By the standard that training from materials = theft: Any reference to one of these unique trademarks would be interesting and highly problematic. AI wouldn't be allowed to write any kind of non-editorial text that uses unique trademarked product names without it being criminal.

Instead of debating about the moral and legal aspects, it could be more productive to focus on the technical aspects that can help making more informed decisions about the moral and legal problems.

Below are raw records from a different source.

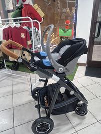 Questo è un set completo 3in1 che vi accompagna dalla nascita fino all'età prescolare. Combina una navicella sicura, un seggiolino auto premiato nei test e un passeggino funzionale. Grazie ad esso siete pronti per ogni situazione – dal primo viaggio dall'ospedale, attraverso le passeggiate quotidiane, fino al momento in cui il passeggino diventa superfluo.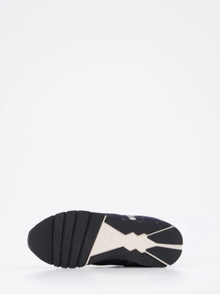 Eleganz trifft auf Wintertauglichkeit.Voile Blanche präsentiert diesen Damen-Winter-Sneaker im beliebten Retro-Runner-Stil. Für entspannte Spaziergänge bei frostigem Wetter bietet das dunkelblaue Veloursleder mit samtig-matter Oberfläche robusten Schutz und ein stilbewusstes Erscheinungsbild. Die hellgraue Lammfellfütterung und das fellbezogene Fußbett schenken komfortable Wärme. Silberfarbene Metallic-Applikationen setzen moderne Akzente, während weiße Kontrastdetails an Ferse und Zunge den Look betonen. Die leicht keilförmige Profilsohle aus Gummi garantiert Trittsicherheit. Passend zu Casual-Winterkleidung oder Steppjacke in Beige. Raffiniert verarbeitet für anspruchsvolle Stilbedürfnisse – typisch Voile Blanche.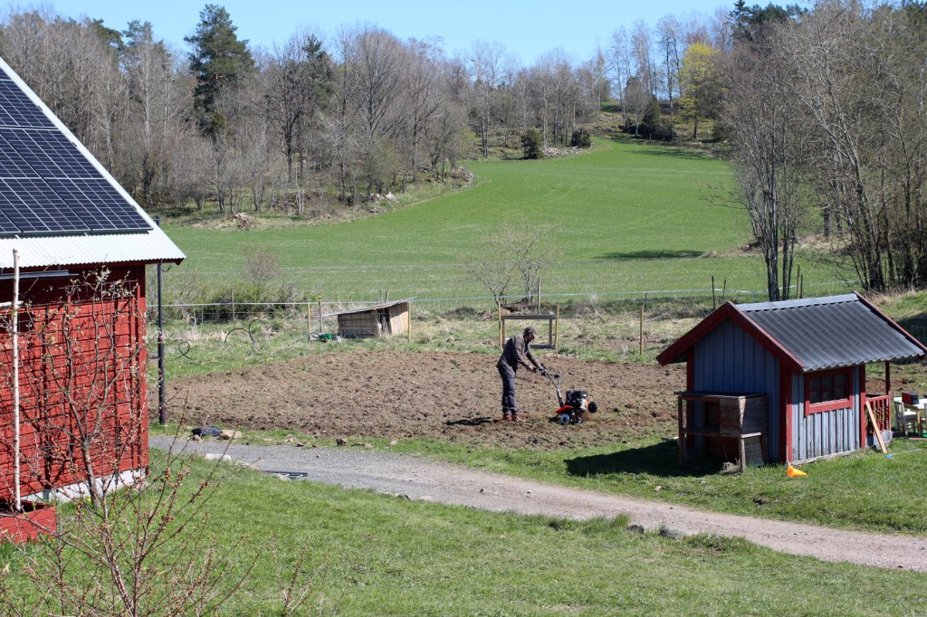 Köksträdgården, som var rent kaos när vi flyttade in, börjar komma i verkligt fin ordning och från och med i dag är det sått i alla land utom Filips. Garaget är också fint, nymålat och med nytt grus framför framsidan, och nu har klätterväxten fått sällskap av en liten lönn med. Fina färger på lönnlöven mot den mörkgrå fasaden!Nya blomsterrabatter med än så länge små växter, men det tar sig! Det bakre landet är inte klart att så i riktigt än, vi får se när det blir 🙂Inne i växthuset är nästan allt utplanterat, och lite försådder står och väntar på tillväxt och utplantering. Nere vid stallet har vi ju mina tomatlådor, dammen vi grävde ner förra året, ett potatisland som är nytt och en potatisåker (syns inte men ligger till höger) som också är nytt. Studsmattan är ju inte den vackraste, men en omtyckt punkt av barnen såklart.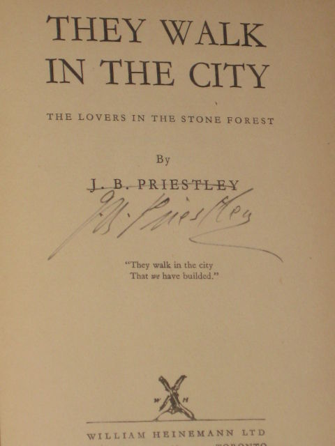 London: William Heinemann, 1936. First Edition. Hard Cover with Dust Jacket. Near Fine/Very Good. Octavo. SIGNED BY JOHN BOYNTON PRIESTLEY ON TITLE PAGE without personalization. 515 pp. Bound in original blue cloth, spine lettering gilt; small dimple in spine, dust jacket with light wear at spine ends, spine lightly darkened.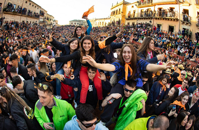Ciudad Rodrigo (Salamanca) estalló en la tarde de este viernes en fiestas con la decimocuarta edición del ‘Campanazo’ de su tradicional Carnaval del Toro. Miles de personas se concentraron en Miróbriga, acompañados de la música de diferentes charangas, en un recorrido que terminó en la Plaza Mayor inundada de pañuelos naranjas y un ambiente repleto de alegría.

On some levels of abstraction, LLMs seem to be unknowable black boxes. On other levels, they are simply approximate solutions to established problems, such as estimating the probability distribution for a token following a context.

Genome assembly is kind of like complementary problem to text generation. You can't read the genome directly, but you can duplicate it, break it into fragments, read the fragments, and try to assemble them. The methods vary, but you generally try to find overlaps between the fragments and build a graph based on the overlaps. If you start from a context that occurs only once in the genome, there is often one overwhelmingly likely path in the graph that corresponds to a substantial part of the genome. On the other hand, if the context is too short or it occurs in a repetitive region of the genome, any path you traverse is likely to be chimeric and not correspond to any part of the underlying sequence.

Using similar heuristics, an LLM could estimate whether it's following a long overwhelmingly likely path, replicating substantial parts of the training data, or making choices between substantially different paths, generalizing from the data. And because the training data is usually not that big, it could query the data when it believes it could be replicating the data.